The Queen gazed at Border Collie. “Tell…no, ask Honeyman if he would be so kind as to pay me a visit when he finishes his shower.”
The Queen had a soft spot for her lawyer, even after having spent so many hours arguing with him over travel routes while they searched the world for good beer. If only he had learned to drive and read maps properly, she thought, unconsciously touching herself. Despite the many boyfriends she’d had since then, she still missed him. Even the deadpan passion had been entertaining.
“And remind the Master Taster of our morning meeting!” she added as Border Collie scampered away.
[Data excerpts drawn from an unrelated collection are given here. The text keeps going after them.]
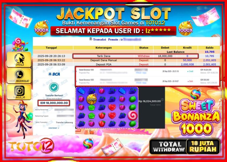 Selamat kepada Member Kami Iz****** Telah Jackpot dan berhasil mendapatkan kemenangan besar pada permainan JACKPOT SLOT GAME (SWEET BONANZA 1000) Dengan Kemenangan Sebesar Rp.18.000.000 –. Setelah mengisi Fomulir Withdraw dengan Kurang waktu 1-2 Menit Dana sudah kami Trasnfer kepada Pemilik Userid dan dana sudah dapat di cairkan oleh pemenang. Bukti Pembayaran yang TOTO12 berikan merupakan Bukti…
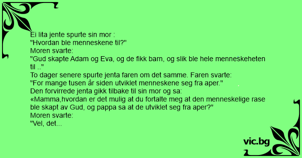 «Mamma,hvordan er det mulig at du fortalte meg at den menneskelige rase ble skapt av Gud, og pappa sa at de utviklet seg fra aper?"
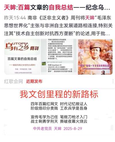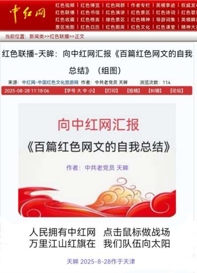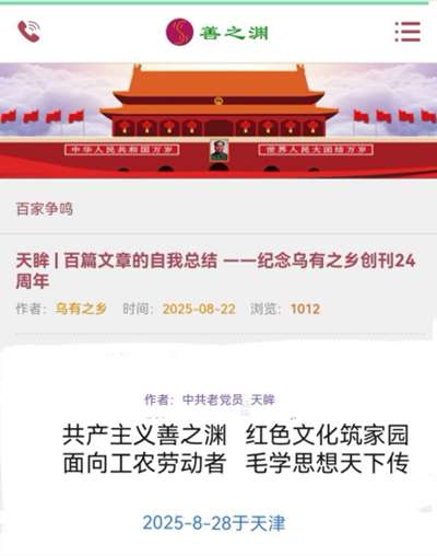 这是我今天早晨的即兴之作,因为今天是乌有之乡创刊24周年的日子,我写的第100篇红色网文在乌有之乡刊出做为纪念的情意。红歌会、善之渊等网站分别转载了,我还特意为中红网写了一篇汇报稿也刊发了。毛泽东思想旗帜网、橘子洲头等红网也发了我《百篇红色网文的自我总结》,都表示对乌有之乡生日的纪念之情义,这让我想起毛主席的教导;“我们都是来自五湖四海,为了一个共同的革命目标走到一起来了。一切革命队伍的人,都要互相关心、互相爱护、互相帮助。”
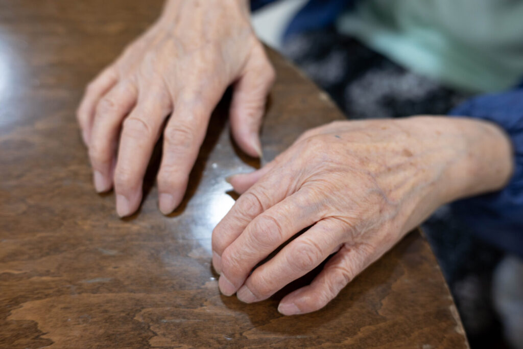 手の写真を撮らせてほしいとお願いすると、碓井さんはそっと手をテーブルの上に載せました。筆を作り、人生を切り拓き、女性たちの活躍する道を作ってきた、美しい手でした。
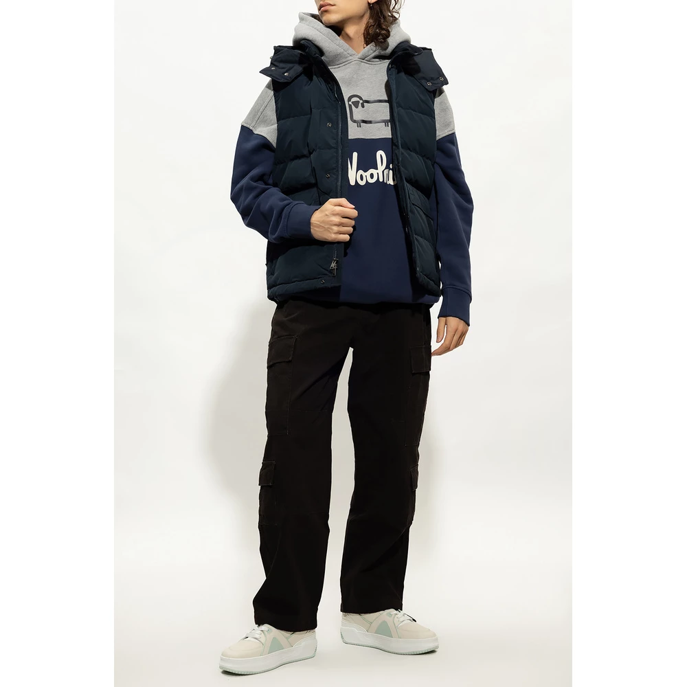 Gray og Navy hettegenser fra Woolrich. Dette plagget er laget av bomull, og har en logotrykk, sidelommer og ribbet kanter.
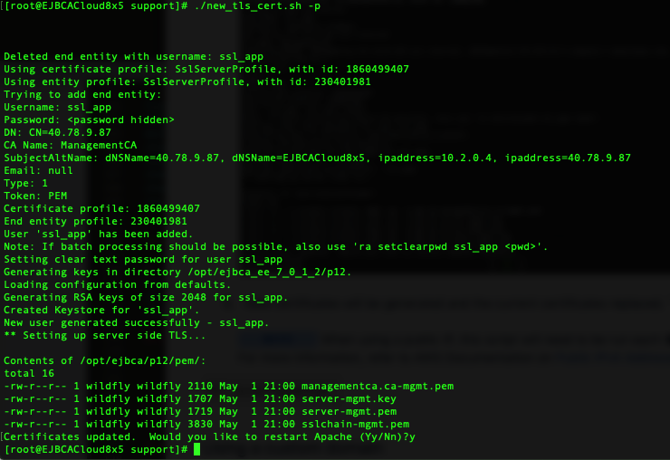 - New certificates will be generated and the current certificates replaced. These will then be rotated into place and the script will prompt to restart Apache.
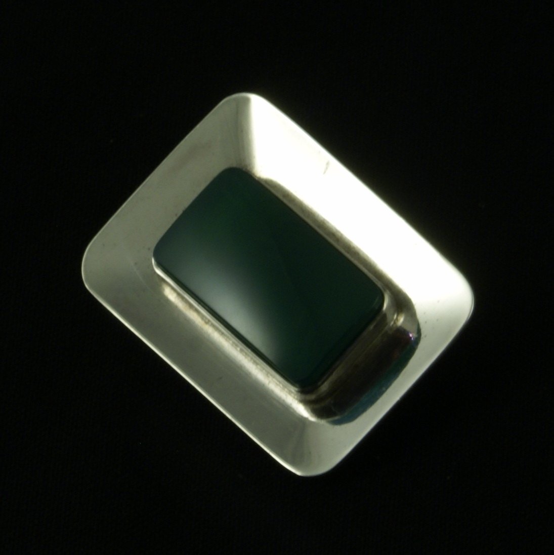 N. E. From - Denmark. Sterling Silver Brooch with Green Agate. 1960s

Several servants approached the Queasy Throne wheeling trays of food and drink. Her mid-morning meal would lift her spirits. She chose the foods, which were then wed in flavor by beers the Master Taster picked. Her Master Taster had yet to pick a bad one.
The Queen’s eyes strayed to the moat below and this time she noticed with satisfaction that the drainage had begun to take effect. The banks at the edge of the moat betrayed nearly a Queecre of bareness where the water had been earlier this morning. Perhaps she could avoid those moments of pre-coffee depression each morning if she started draining the moat an hour before she awoke. The sight of the bare bank brought her such pleasure.
A frog jumped from the bank’s mud into the water. Lucky fellow, she thought. She had heard that the moat dweller and his diminutive band of misfits had grown so hungry that they were eating frogs. In typical fashion, they were trying to pass this off as a delicacy instead of famine. She bet even his wheat beer stash was getting low by now.
A servant interrupted her thoughts. “Today, for you, we have a special treat. A Belgian delicacy.” The servant pulled the top off the first tray of mid-morning snacks. “Frog legs, basted in oud bruin.”